Users can easily extend the design to host additional environments, or adopt different logical mappings for the spokes (for example, in order to create a new spoke for each company entity). Adding spokes is trivial and it does not increase the design complexity. The steps to add more spokes are provided in the following sections.

In multi-organization scenarios, where production and non-production resources use different Cloud Identity and GCP organizations, the hub/landing VPC is usually part of the production organization. It establishes connections with the production spokes within the same organization, and with non-production spokes in a different organization.

External connectivity

External connectivity to on-prem is implemented leveraging Cloud HA VPN (two tunnels per region). This is what users normally deploy as a final solution, or to validate routing and to transfer data, while waiting for interconnects to be provisioned.

Connectivity to additional on-prem sites or to other cloud providers should be implemented in a similar fashion, via VPN tunnels or interconnects, in the landing VPC (either trusted or untrusted, depending by the nature of the peers), sharing the same regional routers.

Internal connectivity

Internal connectivity (e.g. between the trusted landing VPC and the spokes) is realized with VPC network peerings. As mentioned, there are other ways to implement connectivity. These can be easily retrofitted with minimal code changes, although they introduce additional considerations on service interoperability, quotas and management.

This is an options summary:

  • VPC Peering (used here to connect the trusted landing VPC with the spokes, also used by 02-networking-vpn)
    • Pros: no additional costs, full bandwidth with no configurations, no extra latency
    • Cons: no transitivity (e.g. to GKE masters, Cloud SQL, etc.), no selective exchange of routes, several quotas and limits shared between VPCs in a peering group
  • Multi-NIC appliances (used here to connect the trusted landing and untrusted VPCs)
    • Pros: provides additional security features (e.g. IPS), potentially better integration with on-prem systems by using the same vendor
    • Cons: complex HA/failover setup, limited by VM bandwidth and scale, additional costs for VMs and licenses, out of band management of a critical cloud component
  • HA VPN
    • Pros: simple compatibility with GCP services that leverage peering internally, better control on routes, avoids peering groups shared quotas and limits
    • Cons: additional costs, marginal increase in latency, requires multiple tunnels for full bandwidth

IP ranges, subnetting, routing

Minimizing the number of routes (and subnets) in the cloud environment is important, as it simplifies management and it avoids hitting Cloud Router and VPC quotas and limits. For this reason, we recommend to carefully plan the IP space used in your cloud environment. This allows the use of larger IP CIDR blocks in routes, whenever possible.
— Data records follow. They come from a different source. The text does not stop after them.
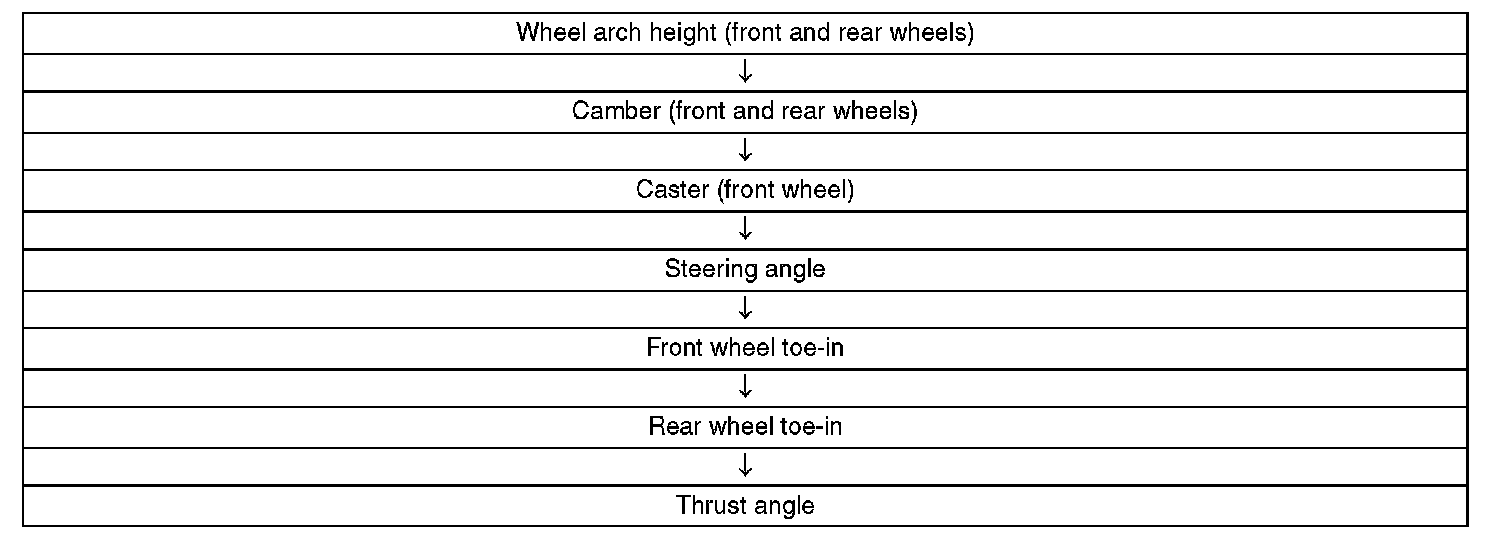 Check, adjust and measure the wheel alignment in accordance with the procedures indicated in the figure.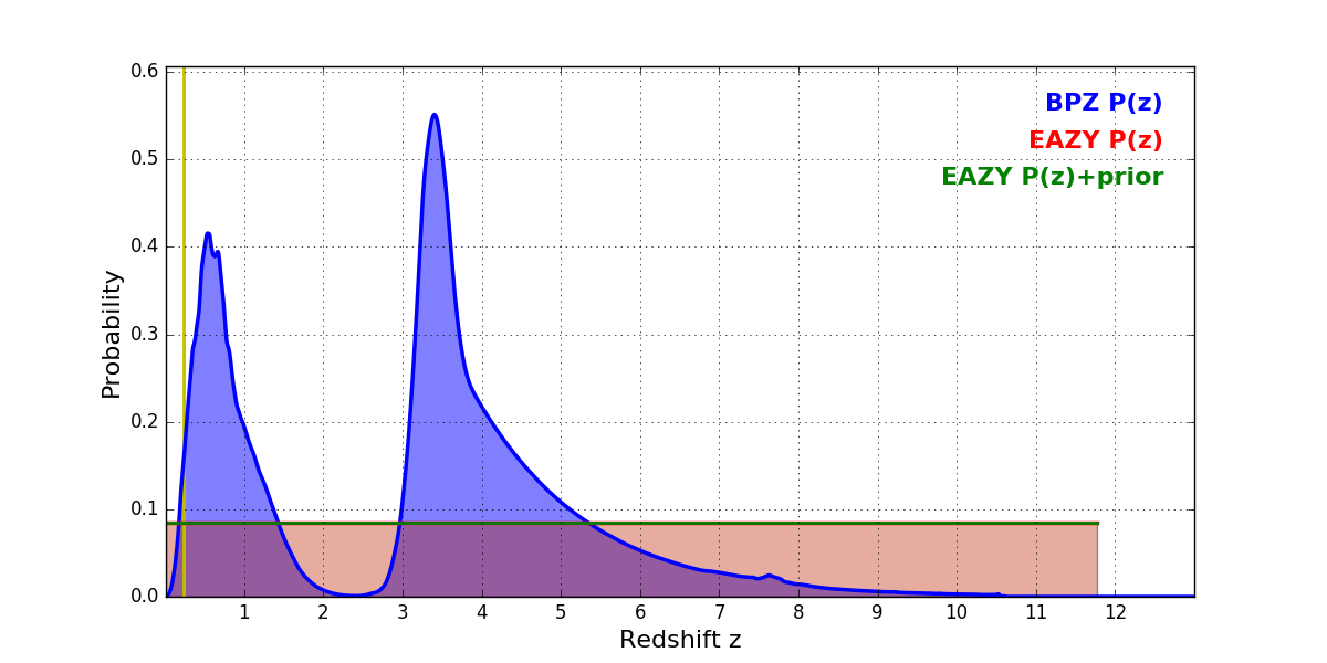 In P(z) plots: Yellow lines mark the cluster redshift z = 0.228,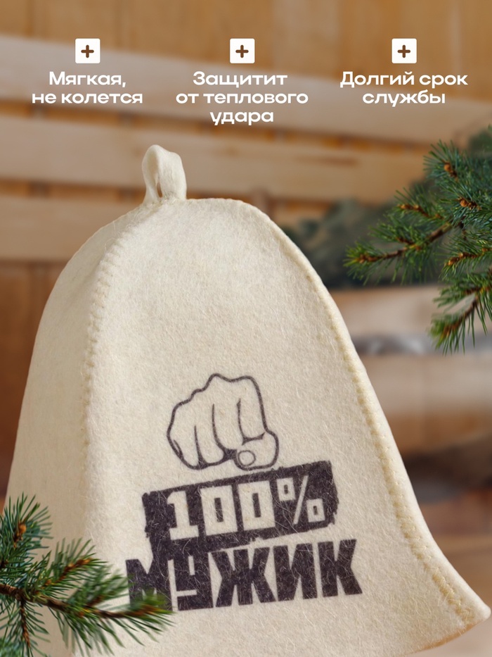 Шапка для бани "100% МУЖИК" с принтом, белая — Характеристики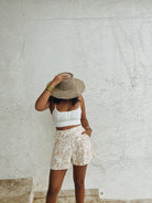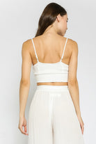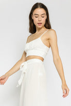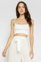 Notre débardeur court présente une taille smockée et des bretelles réglables. Tissé.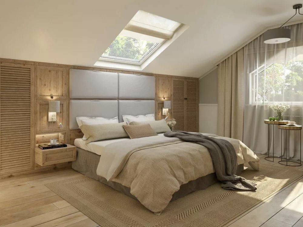 На фото спальня в деревянном доме, оформленная в скандинавском стиле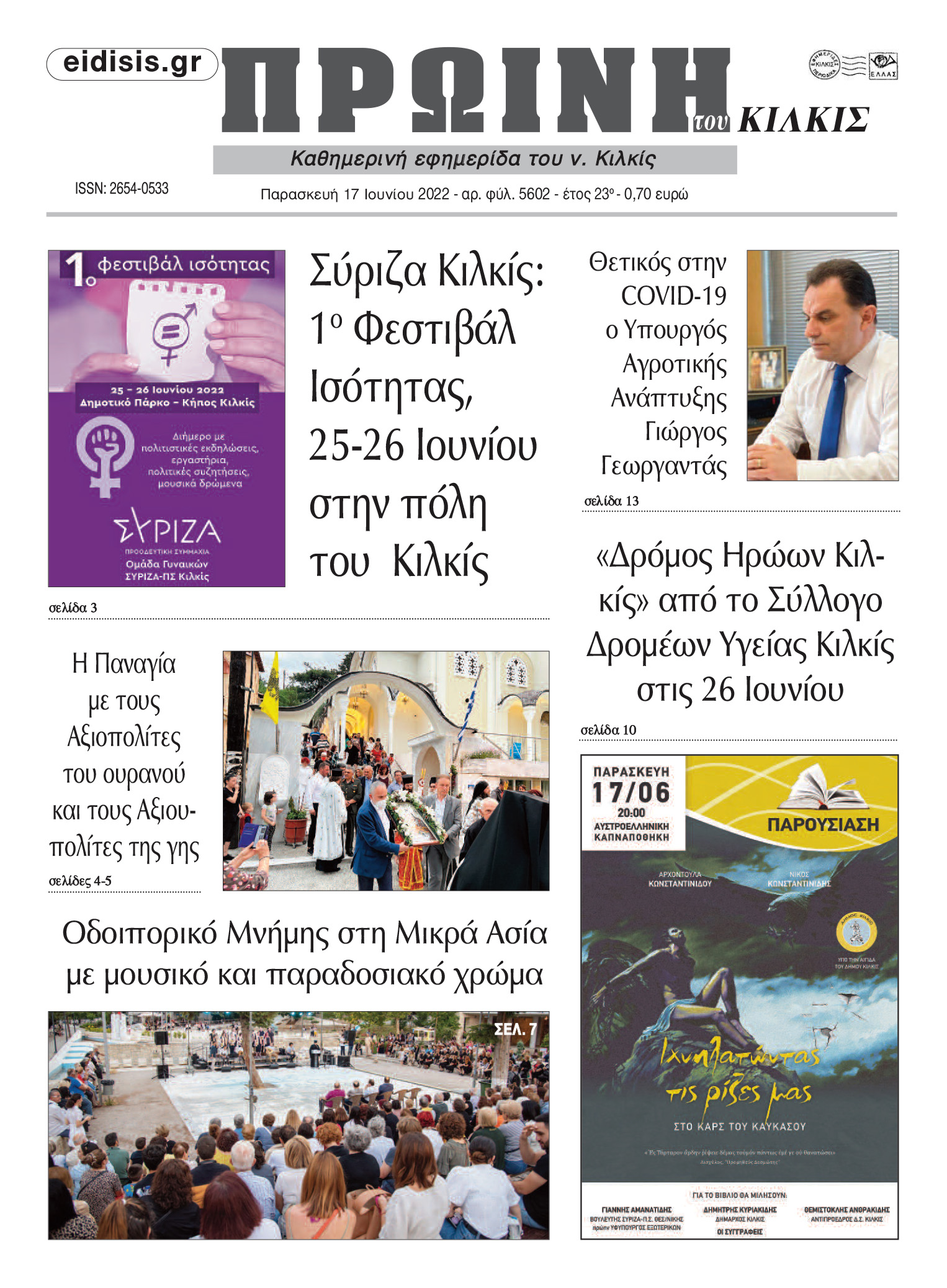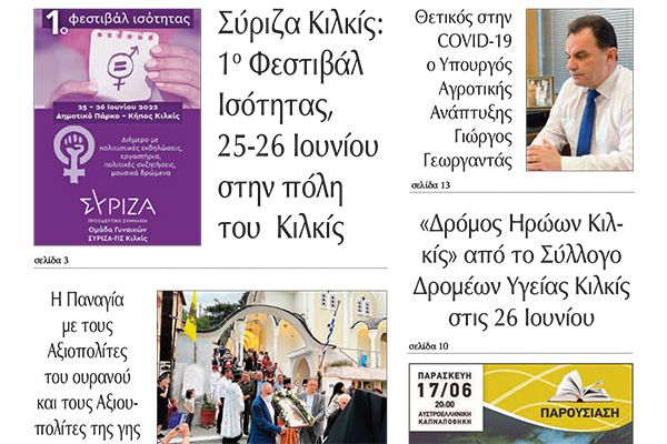 Διαβάστε το νέο πρωτοσέλιδο της Πρωινής του Κιλκίς, μοναδικής καθημερινής εφημερίδας του ν. Κιλκίς (17-6-2022)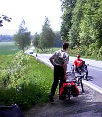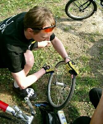 Wartungsarbeiten Teil 3: Sensation! Mikel ist die Luft ausgegangen ! Na ja, in diesem Fall wohl nur seinem Vorderrad. |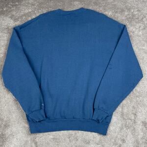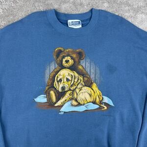 This is a charming vintage sweatshirt featuring a delightful appliqué or embroidered graphic of a cute puppy dog and bear, appealing to the popular Granny/Grandma core aesthetic. The light blue color and the adorable characters make it a cozy and whimsical piece perfect for casual, everyday wear. It offers a nostalgic, handcrafted look that is highly sought after by collectors of vintage cute apparel.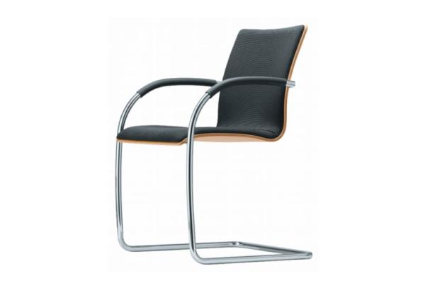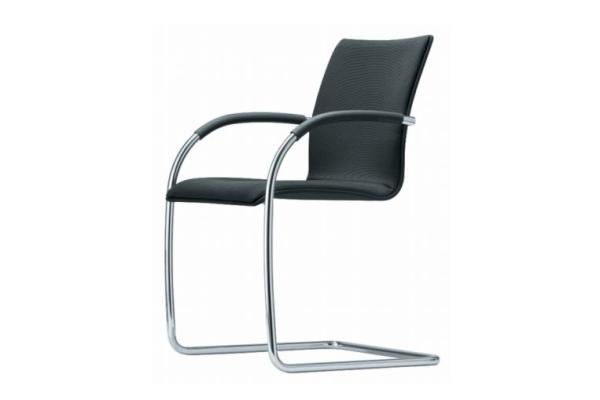 S 81"CANTILEVER CHAIR S 81 FOR THE CONFERENCE AND MEETING SEGMENT OFFERS HIGH SITTING COMFORT AND CLEAR AND RESERVED DESIGN The chair typology of the tubular steel cantilever chair has been closely connected with Thonet since its invention by Mart Stam in the 1930s. A number of models that are especially suitable for the conference and meeting segment stem from this tradition. They all have in common the high sitting comfort, the clear reserved design and high quality. The chairs of program S 81 have an elegantly curved tubular steel frame with a comfortable seat shell: with regular or high backrest, with partial upholstery or fully upholstered. All models are also available in a stackable version. With armrests. Base frames chrome-plated tubular steel. Armrests made of elastomeric plastic or nappa leather. Seat and backrest made of a single molded plywood shell with partial upholstery or fully upholstered and covered with leather or fabric." |

This stage uses a dedicated /16 block (10.128.0.0/16), which should be sized to the own needs. The subnets created in each VPC derive from this range.

The /16 block is evenly split in eight, smaller /19 blocks, assigned to different areas of the GCP network: landing untrusted europe-west1, landing untrusted europe-west4, landing trusted europe-west1, landing untrusted europe-west4, development europe-west1, development europe-west4, production europe-west1, production europe-west4.

The first /24 range in every area is allocated for a default subnet, which can be removed or modified as needed.

Spoke VPCs also define and reserve three "special" CIDR ranges, derived from the respective /19, dedicated to

This is a summary of the subnets allocated by default in this setup:

name description CIDR
landing-trusted-default-ew1 Trusted landing subnet - europe-west1 10.128.64.0/24
landing-trusted-default-ew4 Trusted landing subnet - europe-west4 10.128.96.0/24
landing-untrusted-default-ew1 Untrusted landing subnet - europe-west1 10.128.0.0/24
landing-untrusted-default-ew4 Untrusted landing subnet - europe-west4 10.128.32.0/24
dev-default-ew1 Dev spoke subnet - europe-west1 10.128.128.0/24
dev-default-ew1 (PSA MySQL) PSA subnet for MySQL in dev spoke - europe-west1 10.128.157.0/24
dev-default-ew1 (PSA SQL Server) PSA subnet for Postgres in dev spoke - europe-west1 10.128.158.0/24
dev-default-ew1 (L7 ILB) L7 ILB subnet for dev spoke - europe-west1 10.128.92.0/24
dev-default-ew4 Dev spoke subnet - europe-west4 10.128.160.0/24
dev-default-ew4 (PSA MySQL) PSA subnet for MySQL in dev spoke - europe-west4 10.128.189.0/24
dev-default-ew4 (PSA SQL Server) PSA subnet for Postgres in dev spoke - europe-west4 10.128.190.0/24
dev-default-ew4 (L7 ILB) L7 ILB subnet for dev spoke - europe-west4 10.128.93.0/24
prod-default-ew1 Prod spoke subnet - europe-west1 10.128.192.0/24
prod-default-ew1 (PSA MySQL) PSA subnet for MySQL in prod spoke - europe-west1 10.128.221.0/24
prod-default-ew1 (PSA SQL Server) PSA subnet for Postgres in prod spoke - europe-west1 10.128.253.0/24
prod-default-ew1 (L7 ILB) L7 ILB subnet for prod spoke - europe-west1 10.128.60.0/24
prod-default-ew4 Prod spoke subnet - europe-west4 10.128.224.0/24
prod-default-ew4 (PSA MySQL) PSA subnet for MySQL in prod spoke - europe-west4 10.128.222.0/24
prod-default-ew4 (PSA SQL Server) PSA subnet for Postgres in prod spoke - europe-west4 10.128.254.0/24
prod-default-ew4 (L7 ILB) L7 ILB subnet for prod spoke - europe-west4 10.128.61.0/24

These subnets are advertised to on-premises as a whole /16 range (10.128.0.0/16).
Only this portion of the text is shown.